UNITED STATES
SECURITIES AND EXCHANGE COMMISSION
Washington, D.C. 20549
FORM 10-Q/A
Amendment No. 1
(Mark One)
x | QUARTERLY REPORT PURSUANT TO SECTION 13 OR 15(d) OF THE SECURITIES EXCHANGE ACT OF 1934 |
For the quarterly period ended March 31, 2008.
or
¨ | TRANSITION REPORT PURSUANT TO SECTION 13 OR 15 (d) OF THE SECURITIES EXCHANGE ACT OF 1934 |
For the transition period from to
Commission File Number: 000-51702
SENDTEC, INC.
(Exact name of registrant as specified in its charter)
| | |
Delaware | | 43-2053462 |
(State or other jurisdiction of incorporation or organization) | | (I.R.S. Employer Identification No.) |
877 Executive Center Drive W., Suite 300
St. Petersburg, Florida 33702
(Address of principal executive offices)
(727) 576-6630
(Registrant’s telephone number, including area code)
(Former name, former address and former fiscal year, if changed since last report)

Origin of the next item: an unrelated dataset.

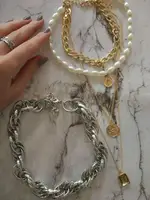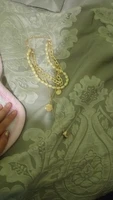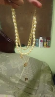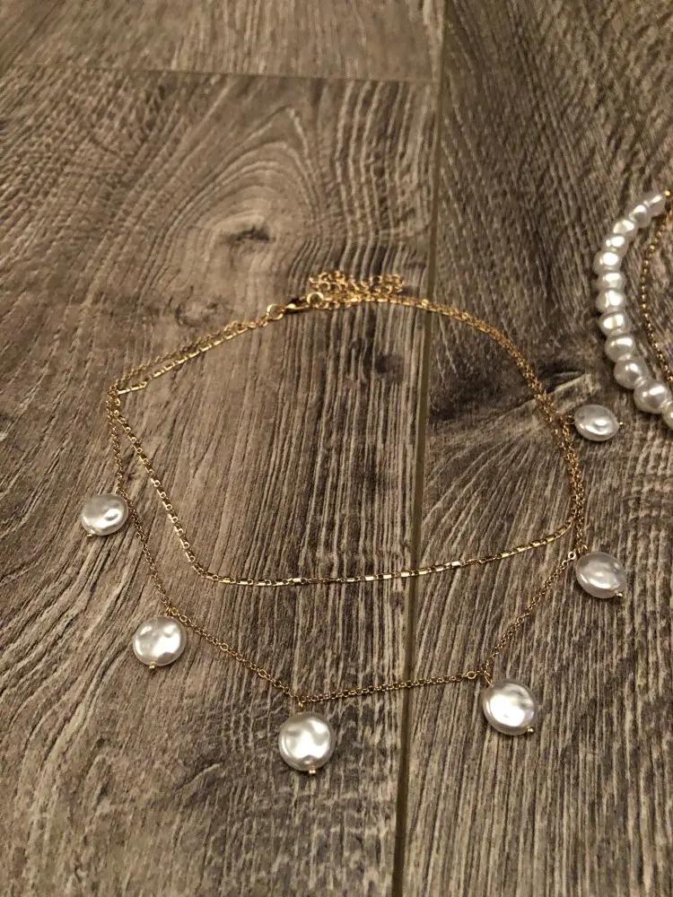 Beautiful decoration. Fully corresponds to the photo. Most likely it will darken with time, but the price justifies it. It is better, perhaps, to wear not on a naked body. The necklace consists of two separate chains, which is very convenient, because you can wear separately depending on the image and mood. I advise you to buy. Delivery to Mo was about 2 months.

Indicate by check mark whether the registrant (1) has filed all reports required to be filed by Section 13 or 15(d) of the Securities Exchange Act of 1934 during the preceding 12 months (or for such shorter period that the registrant was required to file such reports), and (2) has been subject to such filing requirements for the past 90 days. x Yes ¨ No
Indicate by check mark whether the registrant is a large accelerated filer, an accelerated filer, a non-accelerated filer, or a smaller reporting company. See the definitions of “large accelerated filer,” “accelerated filer” and “smaller reporting company” in Rule 12b-2 of the Exchange Act.
| | | | |
Large accelerated filer ¨ | | | | Accelerated filer ¨ |
Non-accelerated filer ¨ | | | | Smaller reporting company x |
(Do not check if a smaller reporting company) | | |
Indicate by check mark whether the registrant is a shell company (as defined in Rule 12b-2 of the Exchange Act). ¨ Yes x No
APPLICABLE ONLY TO ISSUERS INVOLVED IN BANKRUPTCY
PROCEEDINGS DURING THE PRECEDING FIVE YEARS:
Indicate by check mark whether the registrant has filed all documents and reports required to be filed by Sections 12, 13 or 15(d) of the Securities Exchange Act of 1934 subsequent to the distribution of securities under a plan confirmed by a court. ¨ Yes ¨ No
APPLICABLE ONLY TO CORPORATE ISSUERS:
The number of shares outstanding of each of the issuer’s classes of common stock as of May 9, 2008, was:
| | |
Class | | Outstanding shares |
Common stock, par value $0.001 per share | | 76,266,055 |
Explanatory Note
SendTec, Inc. (the “Company”) is filing this Amendment No. 1 on Form 10-Q/A (“Amendment”) to its Quarterly Report on Form 10-Q for the quarterly period ended March 31, 2008, as originally filed May 15, 2008.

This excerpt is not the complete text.